EXERCISE DATA =>
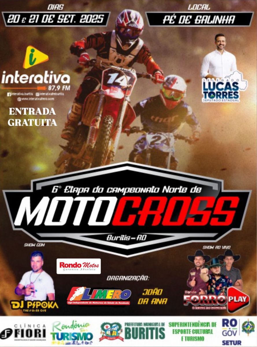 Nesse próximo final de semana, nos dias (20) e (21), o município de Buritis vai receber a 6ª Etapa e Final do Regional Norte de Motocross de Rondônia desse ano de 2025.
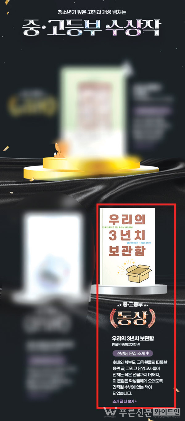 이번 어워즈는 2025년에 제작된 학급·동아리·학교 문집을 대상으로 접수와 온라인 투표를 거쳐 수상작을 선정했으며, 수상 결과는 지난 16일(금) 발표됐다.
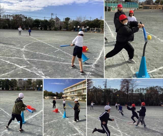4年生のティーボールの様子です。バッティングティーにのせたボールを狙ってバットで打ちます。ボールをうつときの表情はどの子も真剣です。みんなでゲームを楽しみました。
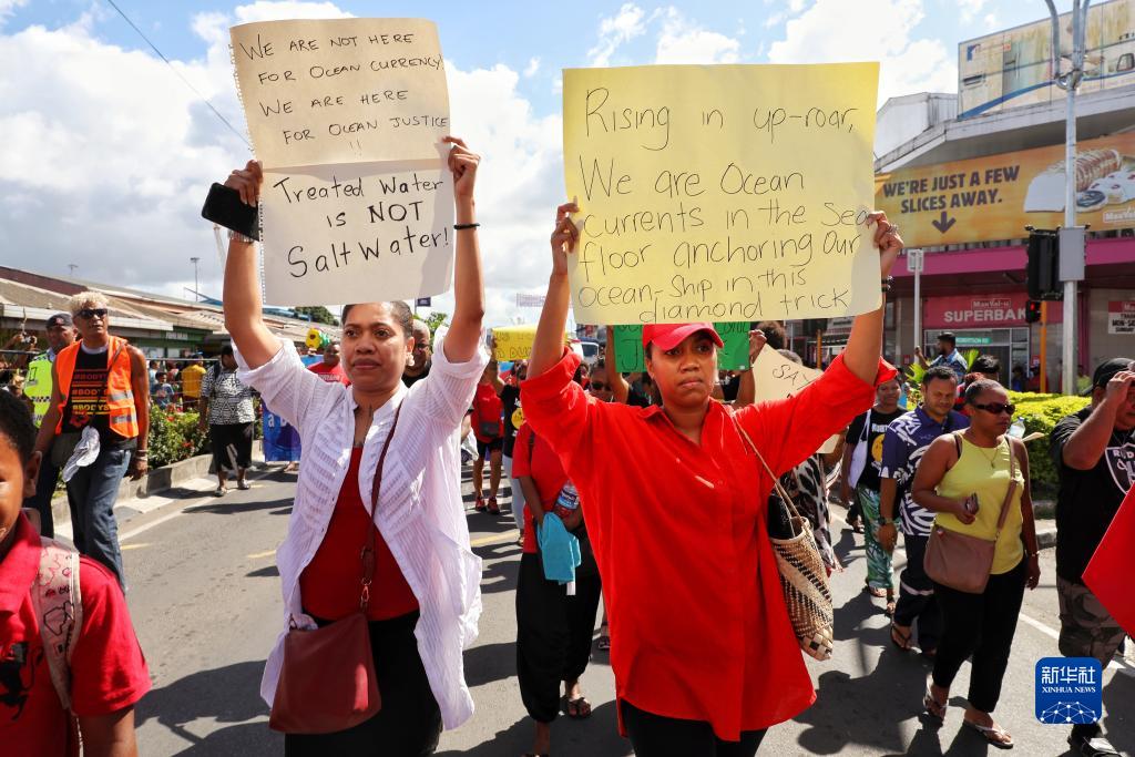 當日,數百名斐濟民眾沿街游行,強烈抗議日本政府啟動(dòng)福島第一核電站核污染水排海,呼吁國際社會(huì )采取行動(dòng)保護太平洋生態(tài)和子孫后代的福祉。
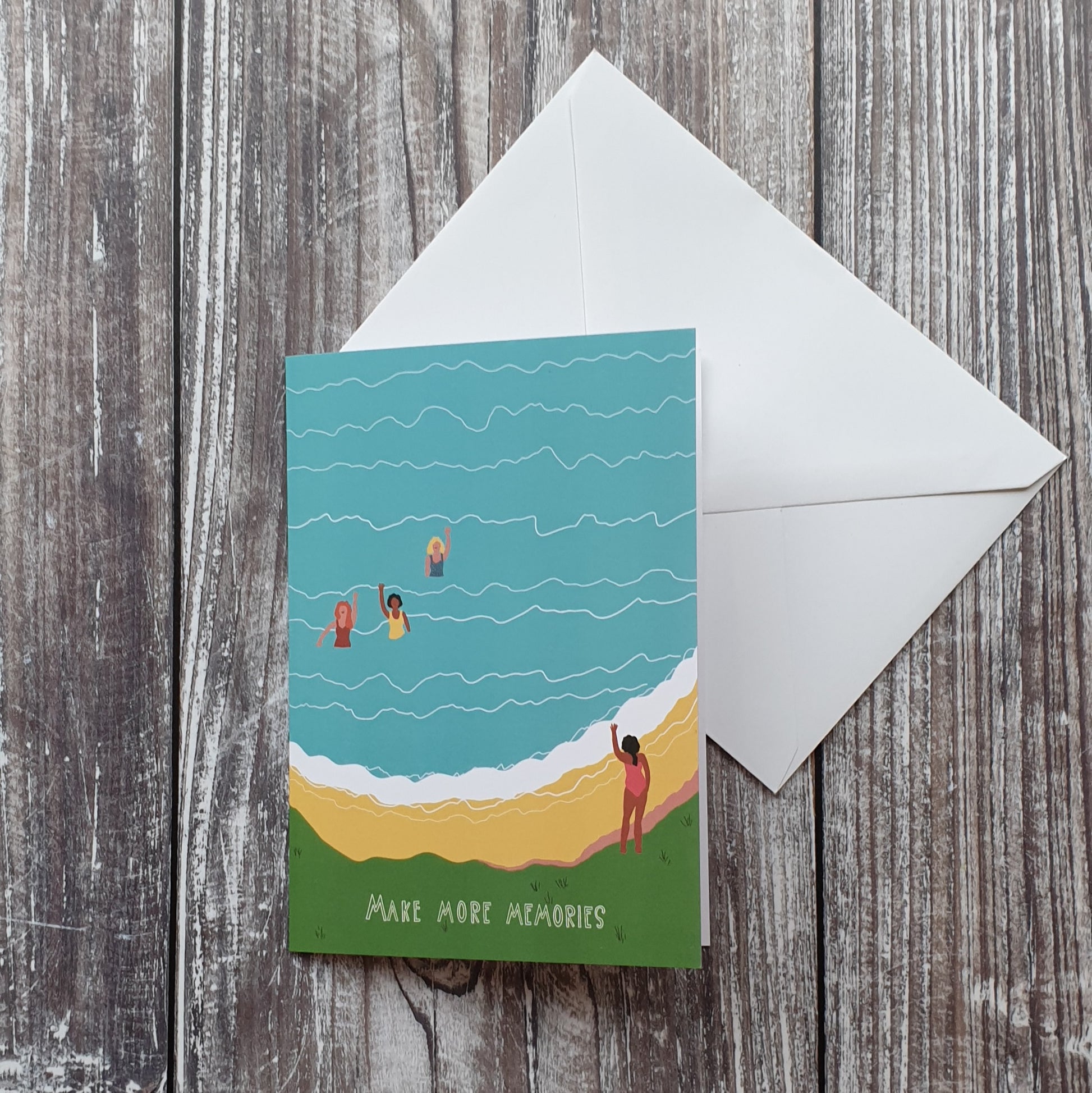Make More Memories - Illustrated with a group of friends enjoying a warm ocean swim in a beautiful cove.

EXERCISE BRIEF => Please set down, exactly and with nothing added, the lines from the line with "이번 어워즈는 2025년에" to the end of the entries above, omitting pictures.

ANSWER =>
 이번 어워즈는 2025년에 제작된 학급·동아리·학교 문집을 대상으로 접수와 온라인 투표를 거쳐 수상작을 선정했으며, 수상 결과는 지난 16일(금) 발표됐다.
4年生のティーボールの様子です。バッティングティーにのせたボールを狙ってバットで打ちます。ボールをうつときの表情はどの子も真剣です。みんなでゲームを楽しみました。
 當日,數百名斐濟民眾沿街游行,強烈抗議日本政府啟動(dòng)福島第一核電站核污染水排海,呼吁國際社會(huì )采取行動(dòng)保護太平洋生態(tài)和子孫后代的福祉。
Make More Memories - Illustrated with a group of friends enjoying a warm ocean swim in a beautiful cove.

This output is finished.